Electrical Experimenter, October 1918

Or automatic soldiers, though we're getting closer.

Electrical Experimenter, September 1915

The problem of the submarine seems to have stimulated less fanciful (if still unworkable) ideas. Here is an anti-submarine torpedo controlled by radio.

Electrical Experimenter, May 1917

This looks like some sort of boom which causes torpedoes to explode before reaching the ship.

Electrical Experimenter, August 1917

Here, intense searchlights blind a U-boat's periscope.

Electrical Experimenter, September 1917

A homing torpedo to seek and destroy submarines.

Electrical Experimenter, January 1918

Magnetic depth charges, triggered by a submarine's magnetic field.

Electrical Experimenter, January 1917

Even the simple use of lighting the side of US merchant vessels could ensure that German submarine commanders would see the large American flag painted on the side, and so avoid firing at a noncombatant. Hence 'Electricity guards neutrality', a great title for a paper if ever I heard one.

Admittedly, this post is partly just an excuse to display some of these wonderful magazine covers.

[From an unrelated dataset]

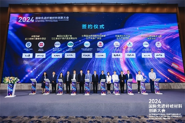 本次會(huì)上舉行了科技創(chuàng)新助力品牌打造合作項(xiàng)目、生物基原紗抗菌抑臭錦綸生產(chǎn)與推廣項(xiàng)目、差異化海藻纖維高端家紡產(chǎn)品開(kāi)發(fā)戰(zhàn)略合作、石墨烯紡織產(chǎn)品合作開(kāi)發(fā)項(xiàng)目、防水透濕納米微多孔膜研發(fā)項(xiàng)目、凝聚創(chuàng)新資源形成新質(zhì)生產(chǎn)力合作項(xiàng)目、超高TiO2含量PET短纖的開(kāi)發(fā)與應(yīng)用研究項(xiàng)目、差異化功能與智能性針織面料與服裝開(kāi)發(fā)項(xiàng)目、NAO虛擬織布機(jī)×Sustens?生物基彈力短纖開(kāi)發(fā)合作項(xiàng)目、古法面料工藝傳承與時(shí)尚創(chuàng)新項(xiàng)目、三川×Sustens?生物基彈力短纖合作項(xiàng)目、元氧能量助眠安睡服開(kāi)發(fā)項(xiàng)目、呋喃基聚酯PEF短纖的研發(fā)及產(chǎn)業(yè)化項(xiàng)目共13個(gè)重點(diǎn)項(xiàng)目的簽約儀式。

But more seriously, they do display a remarkably vivid imagination when it comes to deploying science and technology in war, an imagination which generally seems to be lacking in contemporary British periodicals. As far as I can see, English Mechanic, Practical Wireless, Practical Mechanics and Wireless World were much more staid than Electrical Experimenter in terms of their visual style. It could be argued that Gernsback was unique, but in America his style inspired, in different directions, the pulp SF magazines of the 1930s and visually arresting science magazines such as Modern Mechanix or Popular Science. Where were the British Gernsbacks?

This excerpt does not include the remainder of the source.